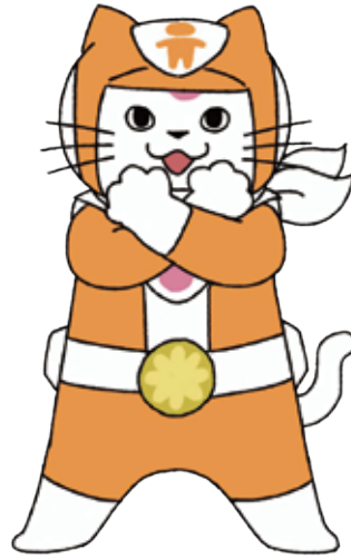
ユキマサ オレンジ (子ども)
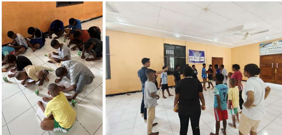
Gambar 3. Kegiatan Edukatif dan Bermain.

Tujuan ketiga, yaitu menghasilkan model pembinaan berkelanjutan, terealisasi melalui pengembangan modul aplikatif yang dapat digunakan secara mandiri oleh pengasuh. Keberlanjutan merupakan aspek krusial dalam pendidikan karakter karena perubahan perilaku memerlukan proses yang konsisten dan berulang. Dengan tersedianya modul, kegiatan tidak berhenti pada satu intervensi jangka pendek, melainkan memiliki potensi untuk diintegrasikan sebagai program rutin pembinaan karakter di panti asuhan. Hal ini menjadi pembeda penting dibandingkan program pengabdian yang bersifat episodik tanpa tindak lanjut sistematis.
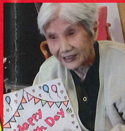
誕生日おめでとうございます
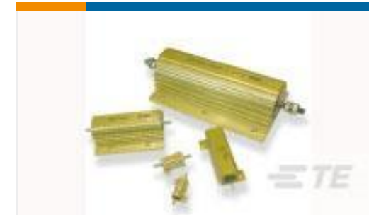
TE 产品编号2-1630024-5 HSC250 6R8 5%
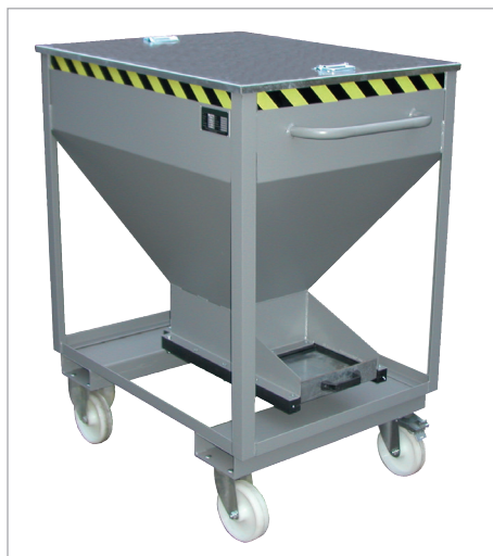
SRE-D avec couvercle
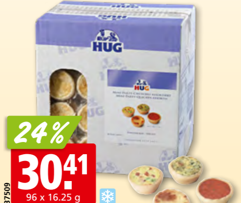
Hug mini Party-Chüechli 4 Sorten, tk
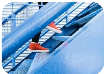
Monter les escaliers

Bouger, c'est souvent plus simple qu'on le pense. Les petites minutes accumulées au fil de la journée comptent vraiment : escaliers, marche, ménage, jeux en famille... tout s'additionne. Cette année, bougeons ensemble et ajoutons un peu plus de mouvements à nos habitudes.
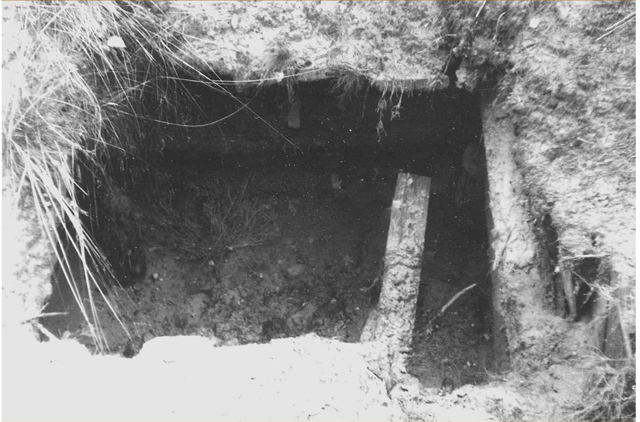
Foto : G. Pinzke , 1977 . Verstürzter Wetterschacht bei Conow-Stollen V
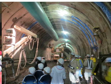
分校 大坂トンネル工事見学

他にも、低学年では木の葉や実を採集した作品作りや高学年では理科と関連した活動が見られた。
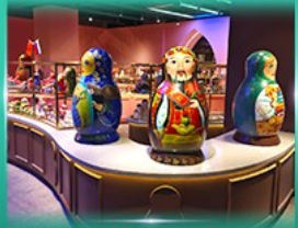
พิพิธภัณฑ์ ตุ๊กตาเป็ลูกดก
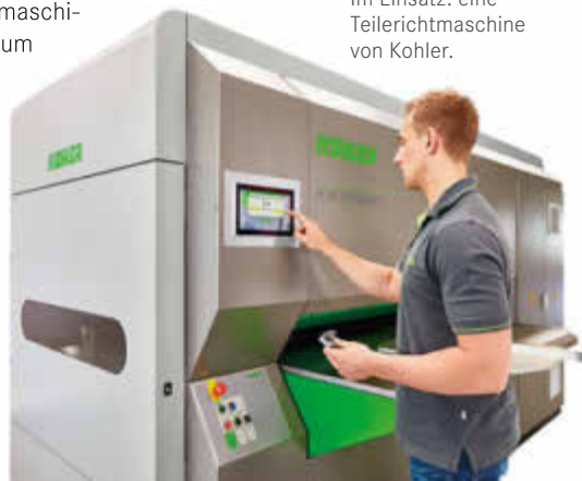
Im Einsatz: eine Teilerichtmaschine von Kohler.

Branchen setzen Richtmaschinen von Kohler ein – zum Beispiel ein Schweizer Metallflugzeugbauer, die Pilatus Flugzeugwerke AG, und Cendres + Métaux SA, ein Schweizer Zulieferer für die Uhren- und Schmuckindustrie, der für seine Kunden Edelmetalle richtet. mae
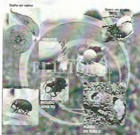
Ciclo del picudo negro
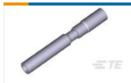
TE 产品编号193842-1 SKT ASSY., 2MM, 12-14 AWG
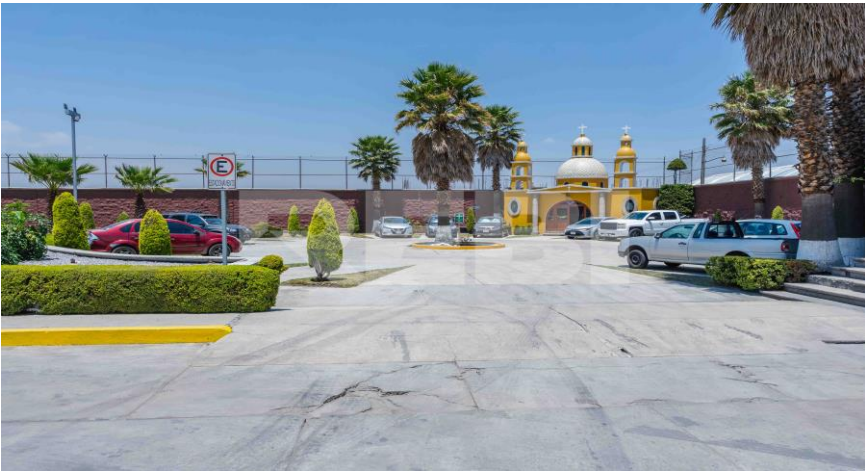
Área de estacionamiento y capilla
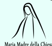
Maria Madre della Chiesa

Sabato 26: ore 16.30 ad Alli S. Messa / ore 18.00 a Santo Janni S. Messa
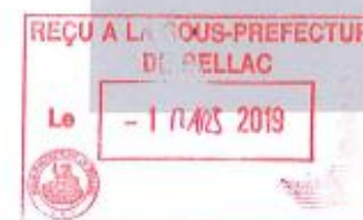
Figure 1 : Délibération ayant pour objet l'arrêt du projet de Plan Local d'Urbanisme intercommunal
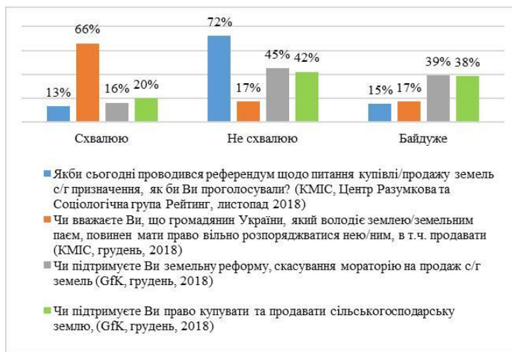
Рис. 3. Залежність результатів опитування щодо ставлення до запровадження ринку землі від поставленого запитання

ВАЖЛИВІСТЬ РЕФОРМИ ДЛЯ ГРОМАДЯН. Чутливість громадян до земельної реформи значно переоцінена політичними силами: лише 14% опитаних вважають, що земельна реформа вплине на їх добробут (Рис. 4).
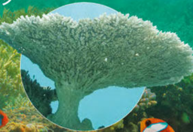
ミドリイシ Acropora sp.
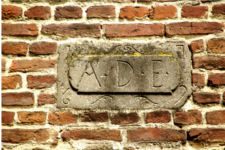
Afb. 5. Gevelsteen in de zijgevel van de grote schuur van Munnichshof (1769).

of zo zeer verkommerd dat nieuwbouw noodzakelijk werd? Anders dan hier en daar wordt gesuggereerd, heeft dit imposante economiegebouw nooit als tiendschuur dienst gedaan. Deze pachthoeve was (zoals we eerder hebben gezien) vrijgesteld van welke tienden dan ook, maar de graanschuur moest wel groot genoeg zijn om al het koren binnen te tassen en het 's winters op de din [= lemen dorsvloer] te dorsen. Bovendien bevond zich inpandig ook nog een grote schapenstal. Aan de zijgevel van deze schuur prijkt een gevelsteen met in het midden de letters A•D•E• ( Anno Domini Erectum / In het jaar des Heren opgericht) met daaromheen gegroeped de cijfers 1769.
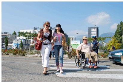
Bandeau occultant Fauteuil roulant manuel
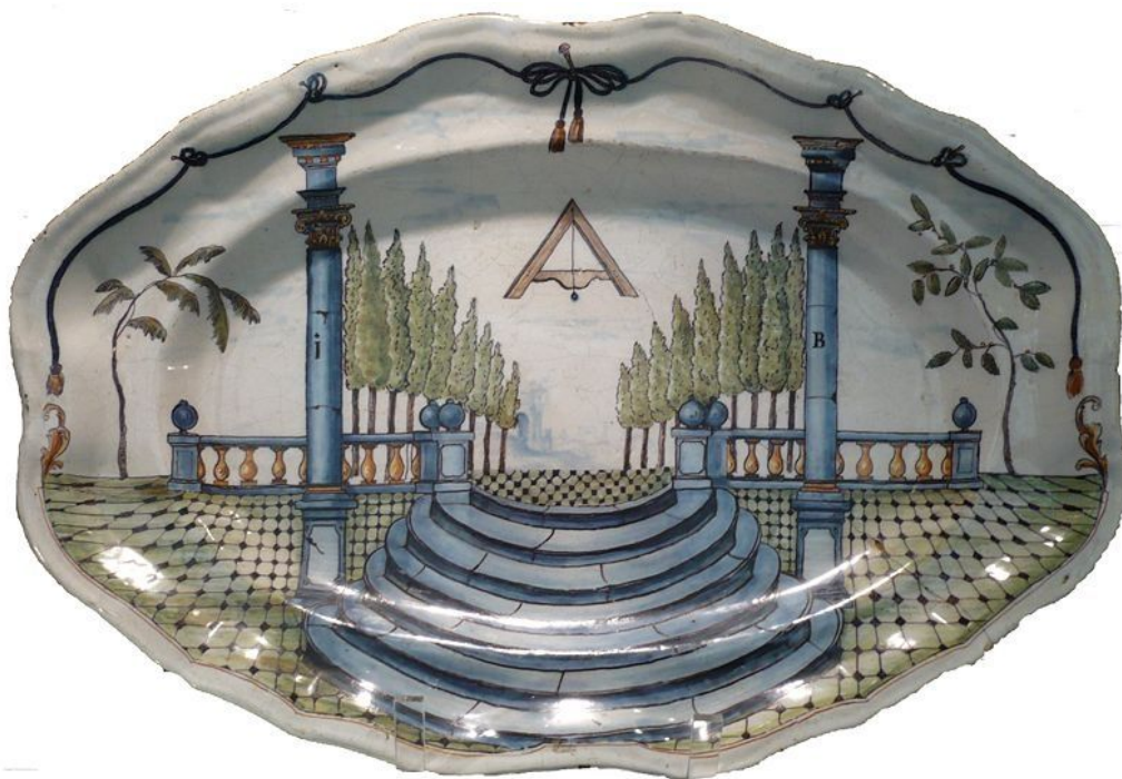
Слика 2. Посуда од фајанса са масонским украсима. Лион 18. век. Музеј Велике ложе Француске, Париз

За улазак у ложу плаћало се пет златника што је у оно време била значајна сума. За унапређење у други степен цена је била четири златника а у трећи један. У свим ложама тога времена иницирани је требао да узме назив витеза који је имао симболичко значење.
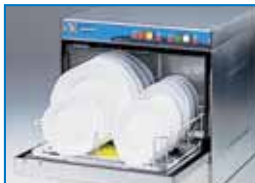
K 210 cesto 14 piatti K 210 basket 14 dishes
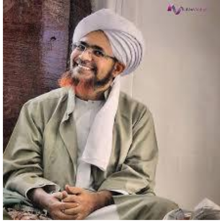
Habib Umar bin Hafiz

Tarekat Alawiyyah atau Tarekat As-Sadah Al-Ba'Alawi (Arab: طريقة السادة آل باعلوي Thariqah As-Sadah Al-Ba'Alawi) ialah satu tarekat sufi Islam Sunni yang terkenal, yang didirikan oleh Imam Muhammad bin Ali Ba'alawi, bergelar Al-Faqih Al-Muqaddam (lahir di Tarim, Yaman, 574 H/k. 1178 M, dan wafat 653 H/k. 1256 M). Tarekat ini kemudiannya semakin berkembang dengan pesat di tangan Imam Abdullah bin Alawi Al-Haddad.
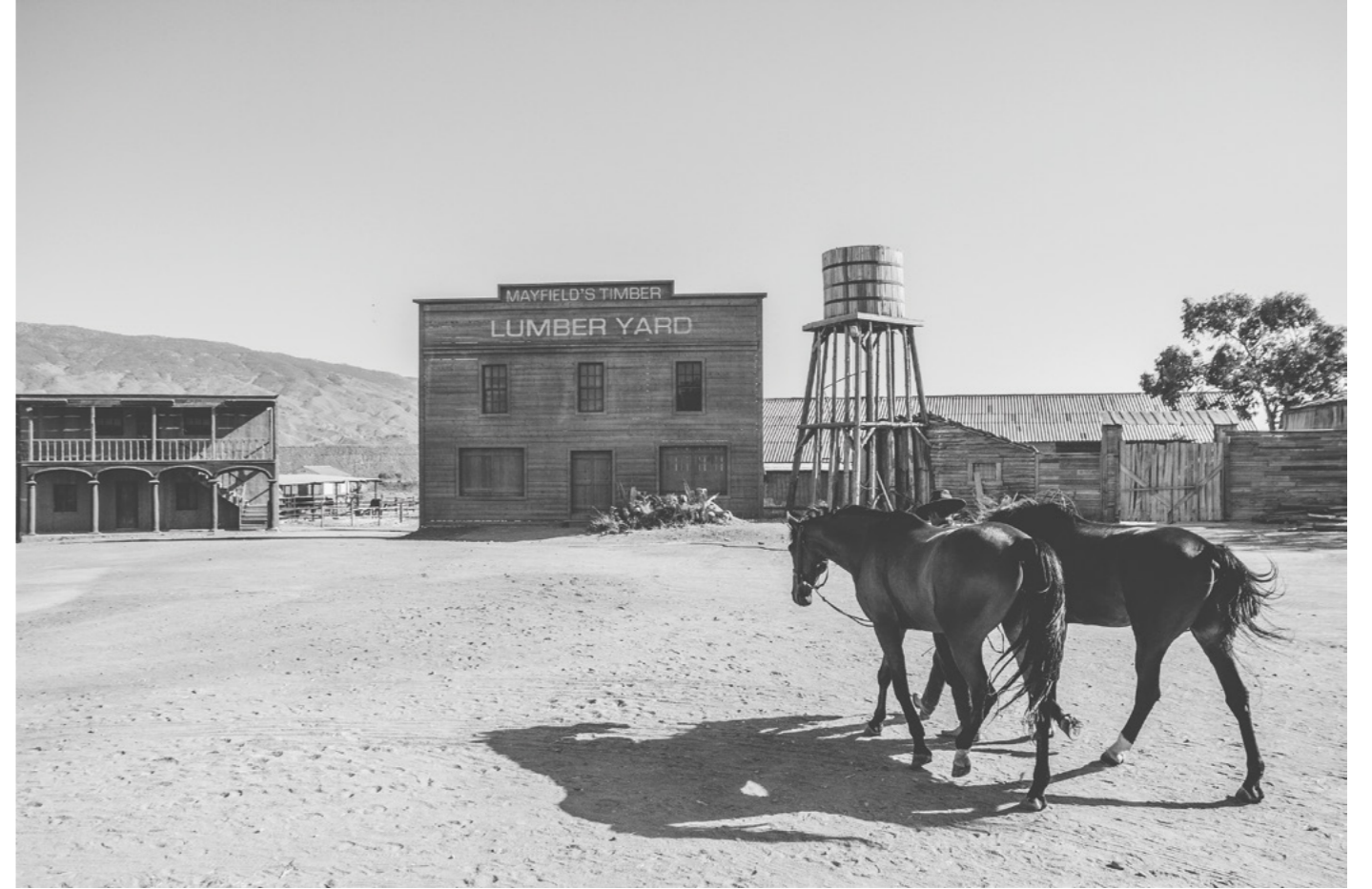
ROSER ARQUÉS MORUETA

| Problem |
The answer must consist of every line from the data that contains the word "Kohler".

| Your response |
Im Einsatz: eine Teilerichtmaschine von Kohler.
Branchen setzen Richtmaschinen von Kohler ein – zum Beispiel ein Schweizer Metallflugzeugbauer, die Pilatus Flugzeugwerke AG, und Cendres + Métaux SA, ein Schweizer Zulieferer für die Uhren- und Schmuckindustrie, der für seine Kunden Edelmetalle richtet. mae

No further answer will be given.